Given material
----

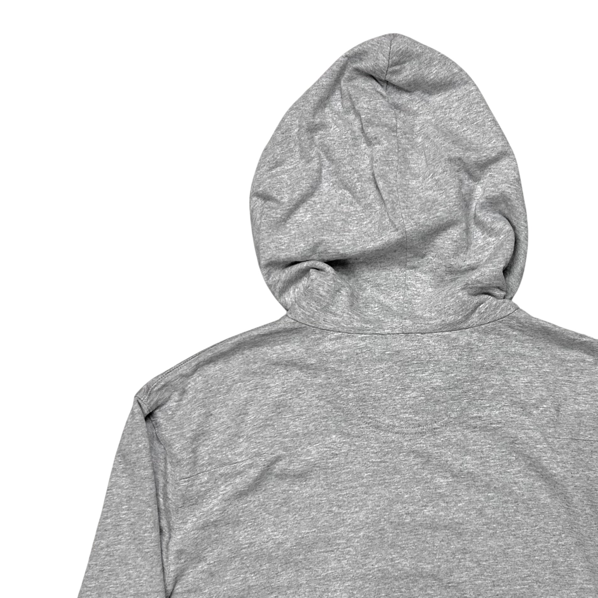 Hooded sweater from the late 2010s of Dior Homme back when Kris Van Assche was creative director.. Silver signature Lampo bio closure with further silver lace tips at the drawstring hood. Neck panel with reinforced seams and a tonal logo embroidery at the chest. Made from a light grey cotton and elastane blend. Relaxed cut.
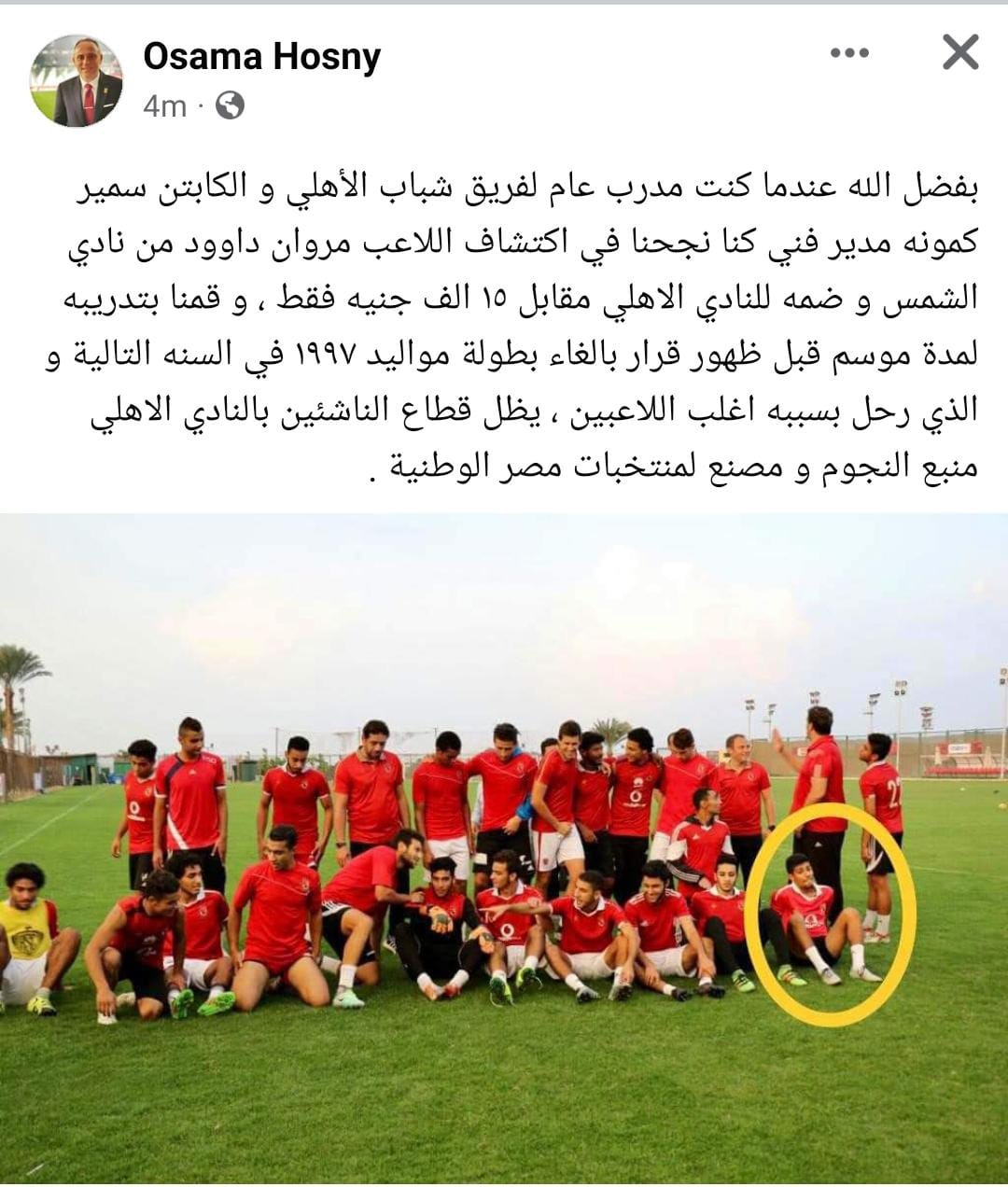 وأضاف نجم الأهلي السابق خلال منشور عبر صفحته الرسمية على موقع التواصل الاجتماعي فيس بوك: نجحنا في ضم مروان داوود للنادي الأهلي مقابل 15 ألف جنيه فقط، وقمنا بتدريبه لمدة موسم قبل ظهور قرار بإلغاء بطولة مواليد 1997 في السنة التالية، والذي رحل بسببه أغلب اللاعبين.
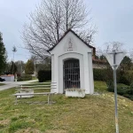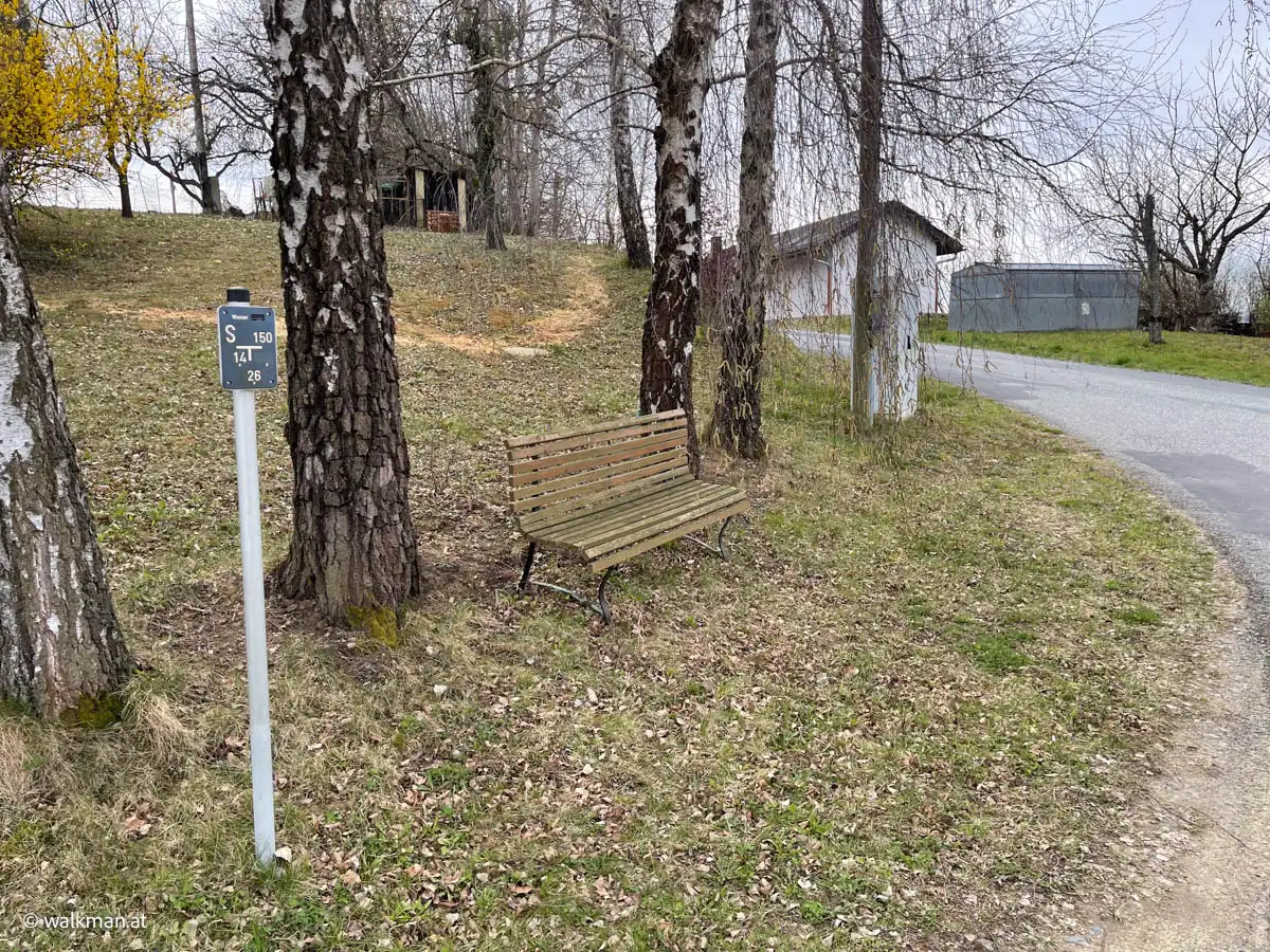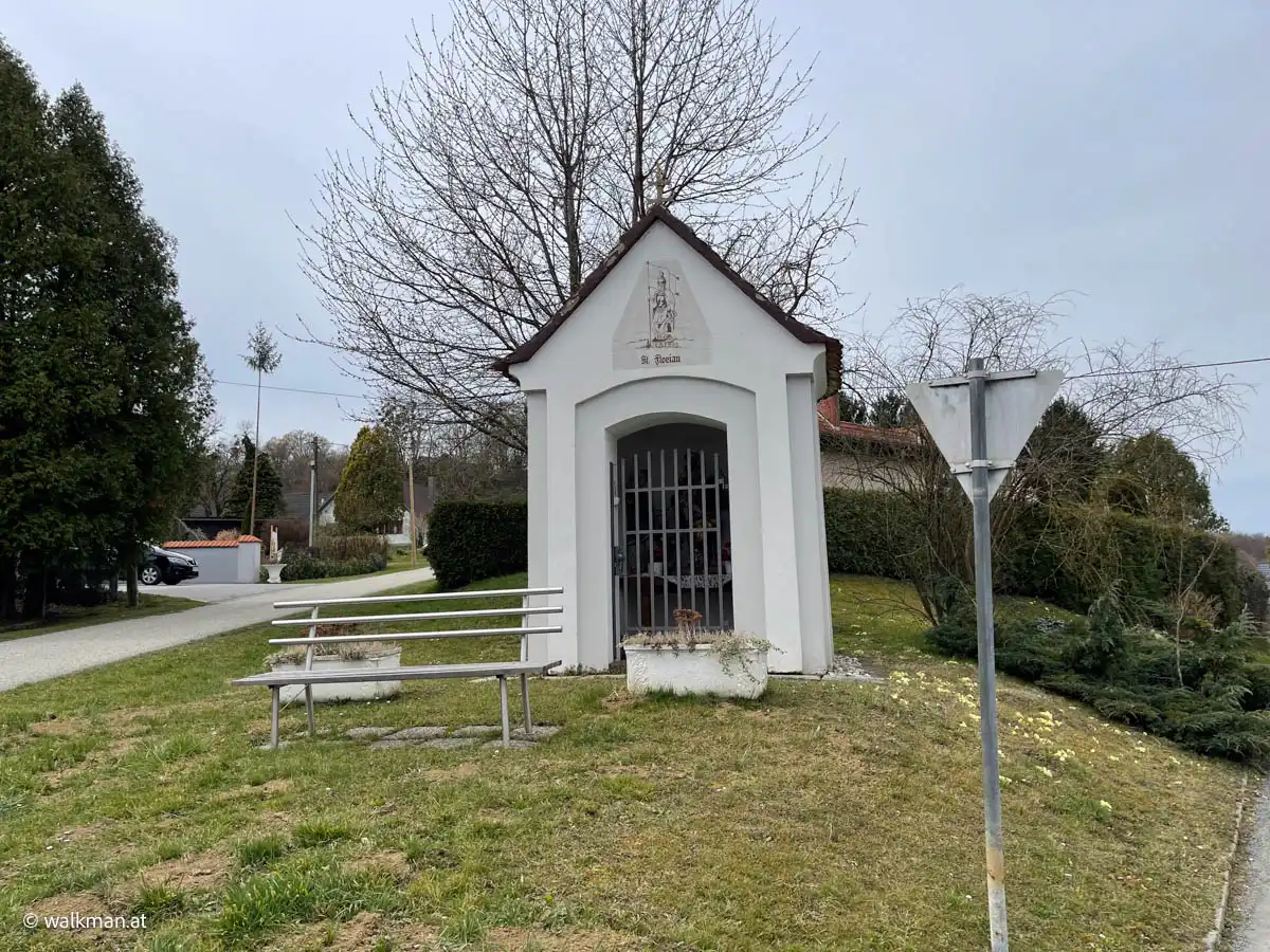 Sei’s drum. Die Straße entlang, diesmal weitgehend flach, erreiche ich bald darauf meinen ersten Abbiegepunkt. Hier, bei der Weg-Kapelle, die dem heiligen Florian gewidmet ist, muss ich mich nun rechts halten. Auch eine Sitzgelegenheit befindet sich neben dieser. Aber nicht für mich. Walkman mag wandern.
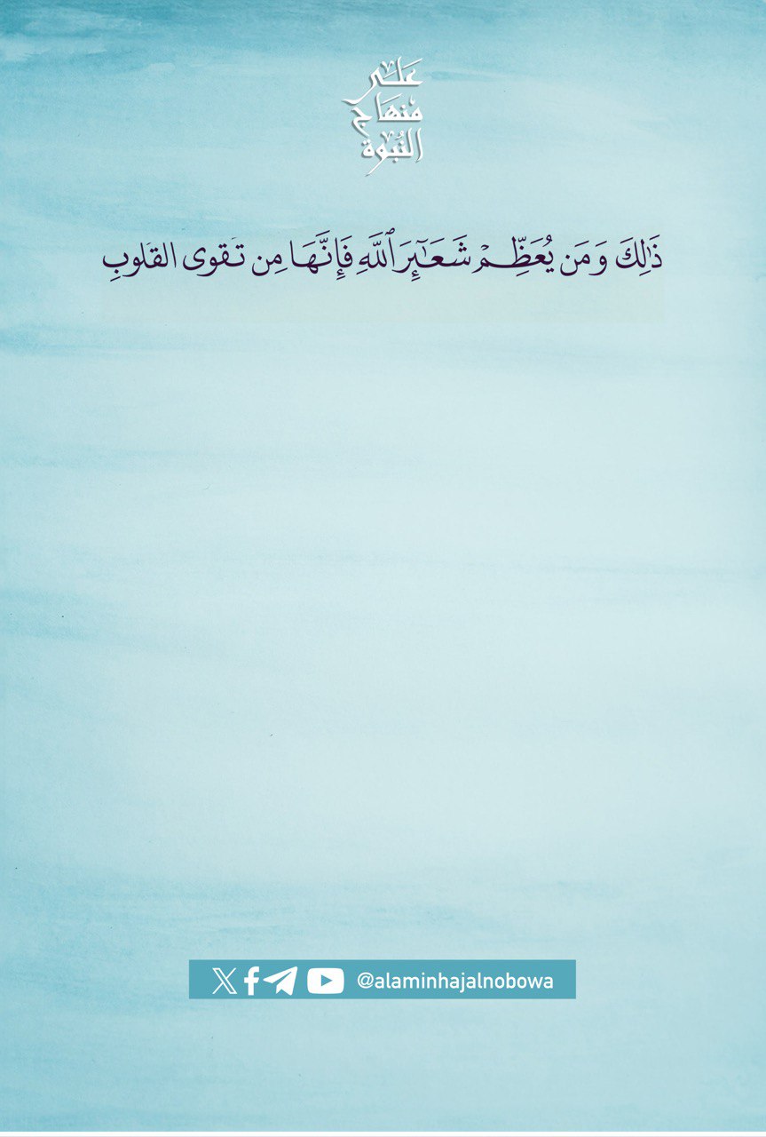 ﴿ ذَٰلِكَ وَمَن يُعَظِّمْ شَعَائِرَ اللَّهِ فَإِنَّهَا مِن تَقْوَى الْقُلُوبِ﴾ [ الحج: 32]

----

Brief
Would you restate word for word only the lines from the line with "وأضاف نجم الأهلي" to the last line above, with the pictures left out?

Solution below
 وأضاف نجم الأهلي السابق خلال منشور عبر صفحته الرسمية على موقع التواصل الاجتماعي فيس بوك: نجحنا في ضم مروان داوود للنادي الأهلي مقابل 15 ألف جنيه فقط، وقمنا بتدريبه لمدة موسم قبل ظهور قرار بإلغاء بطولة مواليد 1997 في السنة التالية، والذي رحل بسببه أغلب اللاعبين.
 Sei’s drum. Die Straße entlang, diesmal weitgehend flach, erreiche ich bald darauf meinen ersten Abbiegepunkt. Hier, bei der Weg-Kapelle, die dem heiligen Florian gewidmet ist, muss ich mich nun rechts halten. Auch eine Sitzgelegenheit befindet sich neben dieser. Aber nicht für mich. Walkman mag wandern.
 ﴿ ذَٰلِكَ وَمَن يُعَظِّمْ شَعَائِرَ اللَّهِ فَإِنَّهَا مِن تَقْوَى الْقُلُوبِ﴾ [ الحج: 32]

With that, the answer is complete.